**Task item**
Transcribe the listing exactly, leaving out every picture.

**Stored data**
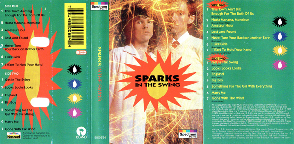 The Best Of Sparks Side 1: 1. This Town Ain't Big Enough For Both Of Us 2. Hasta Manana Monsieur 3. Tearing The Place Apart 4. At Home, At Work, At Play 5. Never Turn Your Back On Mother Earth 6. Get In The Swing
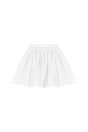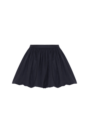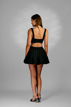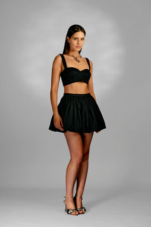 Saia curta balonê. Com seu design volumoso e franzido, proporciona um visual estruturado e elegante, perfeito para quem busca um look diferenciado.
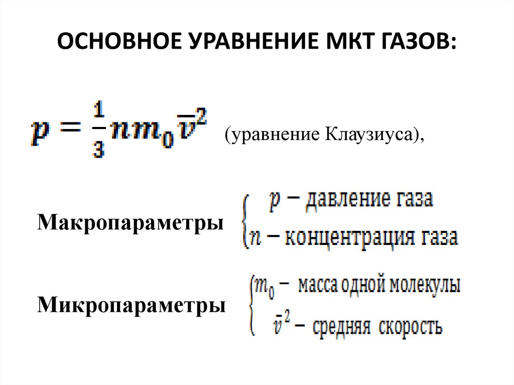 ОСНОВНОЕ УРАВНЕНИЕ МКТ ГАЗОВ:(уравнение Клаузиуса),

**Exercise output**
 The Best Of Sparks Side 1: 1. This Town Ain't Big Enough For Both Of Us 2. Hasta Manana Monsieur 3. Tearing The Place Apart 4. At Home, At Work, At Play 5. Never Turn Your Back On Mother Earth 6. Get In The Swing
 Saia curta balonê. Com seu design volumoso e franzido, proporciona um visual estruturado e elegante, perfeito para quem busca um look diferenciado.
 ОСНОВНОЕ УРАВНЕНИЕ МКТ ГАЗОВ:(уравнение Клаузиуса),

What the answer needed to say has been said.